Screenshot of the Bureau of Land Management's Flickr page today.

"The Bureau of Land Management's Flickr page, long a repository of gorgeous parks and public lands photos, appears to have a new focus: coal, oil and other fossil fuels," wrote The Wilderness Society.

This is no doubt a result of our new administration's pro-fossil fuel energy strategy. Trump has been a vocal proponent of coal, despite market indications that coal will soon bottom out. From 2015 to 2016, he received $820,922 in campaign funding from fossil fuel interests (still, his political opponent, Hillary Clinton, received slightly more).

Flickr/Bureau of Land Management

Bears Ears National Monument, UT.

On a Cabinet level, Trump's appointees are similarly positioned. Scott Pruitt, head of the Environmental Protection Agency, is notoriously corrupted by energy corporations. And Interior Secretary Ryan Zinke, whose purview includes the BLM, has previously advocated for more drilling on public lands.

Since Trump's inauguration, public lands have been caught in the GOP's crosshairs. Republicans in Congress have removed important land protections and limited public involvement in environmental decision-making processes.
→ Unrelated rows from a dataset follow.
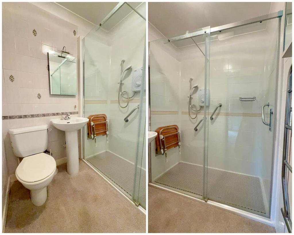 BEDROOM 1 with window to the side overlooking the communal grounds and built-in double wardrobe with mirror fronted doors. EN-SUITE with walk-in low threshold shower, wash basin and WC. Part tiled walls, heated towel rail and extractor fan. BEDROOM 2 with window to the side overlooking the communal gardens, display shelving and built-in double wardrobe. SHOWER ROOM with wash basin, WC and step up to a shower cubicle. Heated towel rail and extractor fan.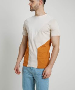 The Capitol tee is a pink, stone and orange colourblock piece.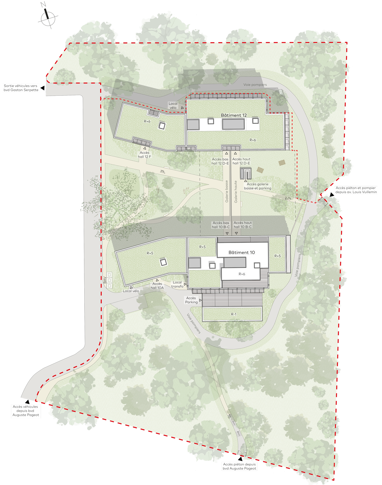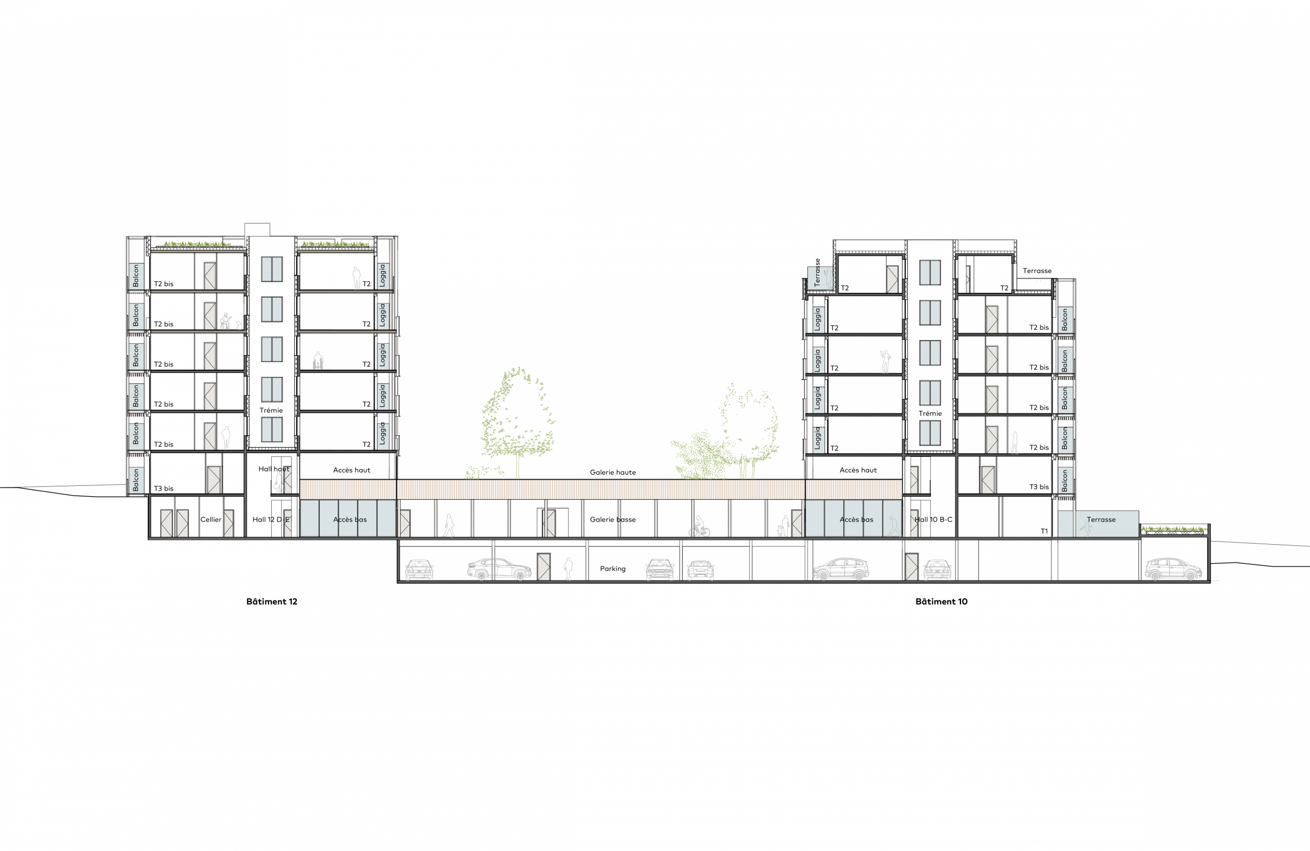 Une grande galerie sur deux niveaux, reliant le bas du site à l’avenue Vuillemin en partie haute, définit le jardin central. Dissimulant le parking et accueillant la majeure partie des locaux vélos, elle crée un effet de socle entre les deux bâtiments et offre un accès couvert aux habitants.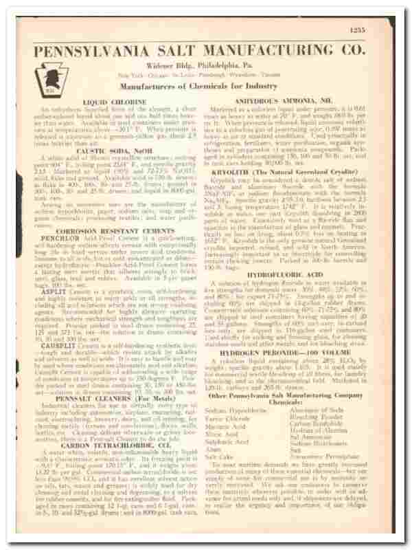 Products include Liquid Chlorine, Caustic Soda, Corrosion Resistant Cements, Penchlor, Asplit, Causplit, Pennsalt Cleaners, Carbon Tetrachloride, Anhydrous Ammonia, Kryolith, Hydrofluoric Acid and Hydrogen Peroxide., all are fully featured.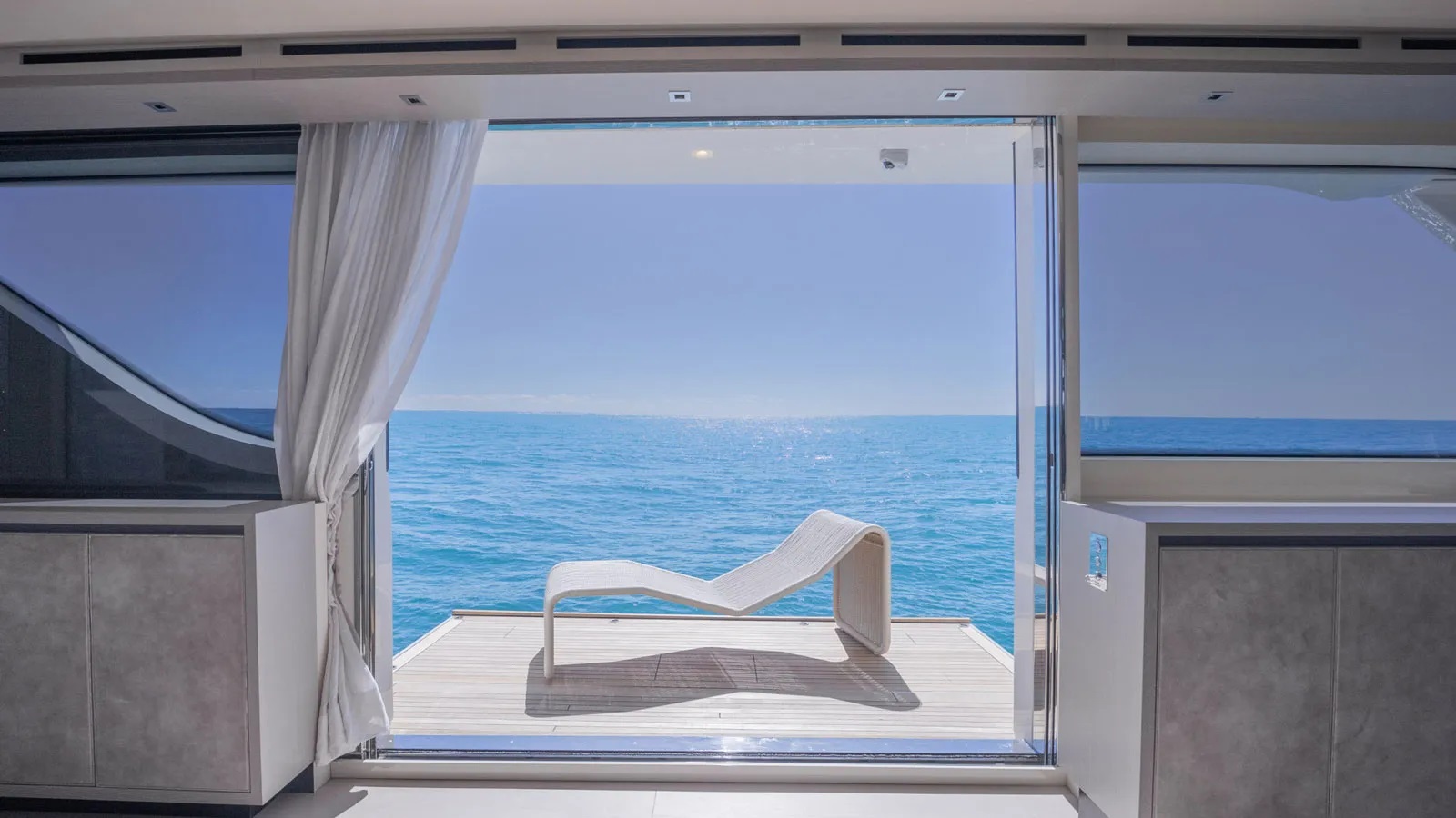 The Jacuzzi is located on the flybridge, while the sun loungers are on the sundeck. The spacious seating area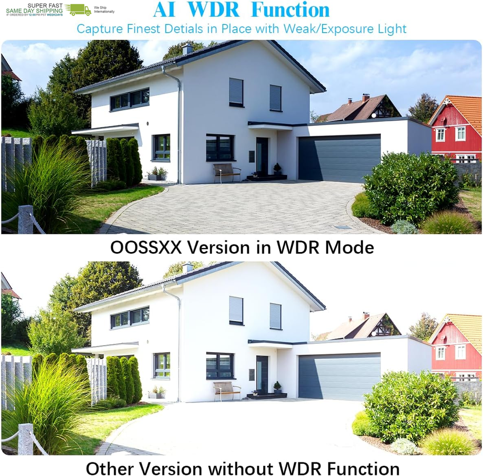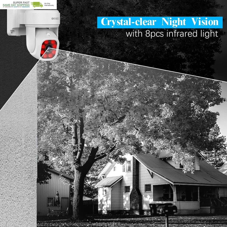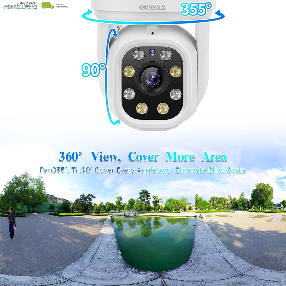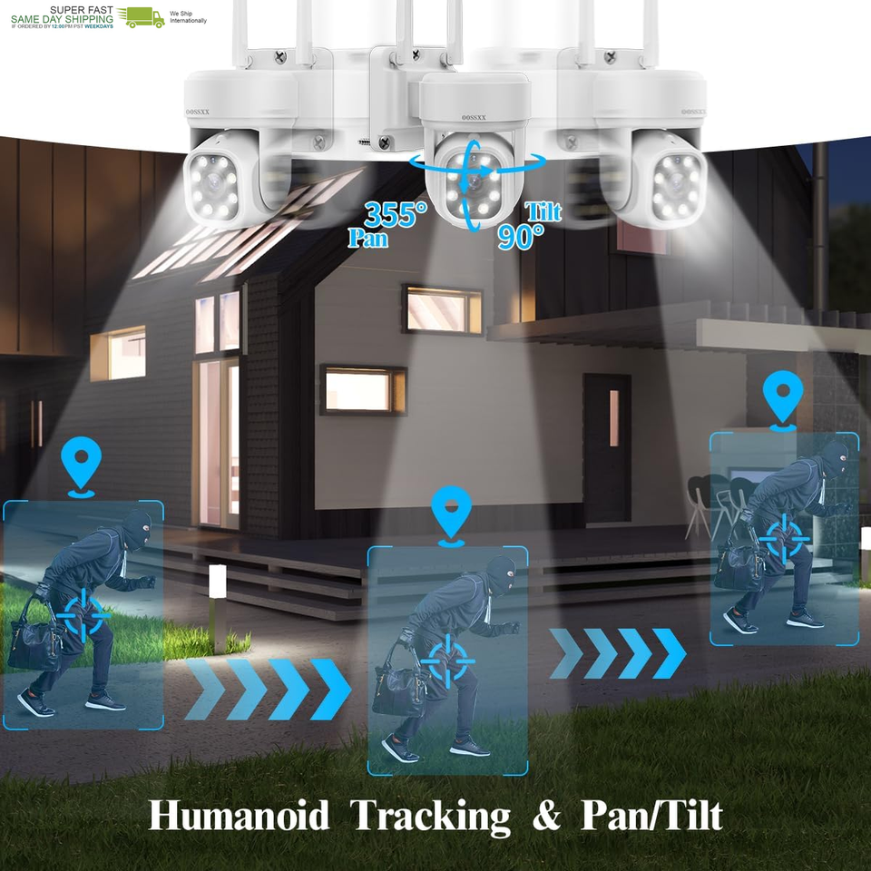 {5MP Camera Comprehensive Viewing Angle} Equipped with 4Pcs 5-Million-Pixel PTZ cameras with Super CMOS, the camera enables a crystal clear viewing on your security system. The PTZ camera can rotate all around, which avoids a dead end of surveillance-- 355horizontally 95vertically. viewing angle let you monitor wider areas to protect the safety of your family and property.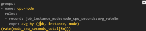 10. To record the time series resulting from this expression into a new metric called job_instance_mode:node_cpu_seconds:avg_rate5m, create a file with the following recording rule and save it as prometheus.rules.yml:

In an executive order this week, Trump threatened to undo certain national monument designations—an act that would be catastrophic not only for America's wildlands, but for rural communities as well.

"They've set a high standard for public input, and the clock is ticking now," Rep. Raúl Grijalva (D-AZ) said in a statement. "I'm concerned that Republican rhetoric on our public lands is being taken for fact and that Secretary Zinke is being set up for failure here."

Hopefully, the state of the BLM's Flickr page isn't a harbinger of what's to come.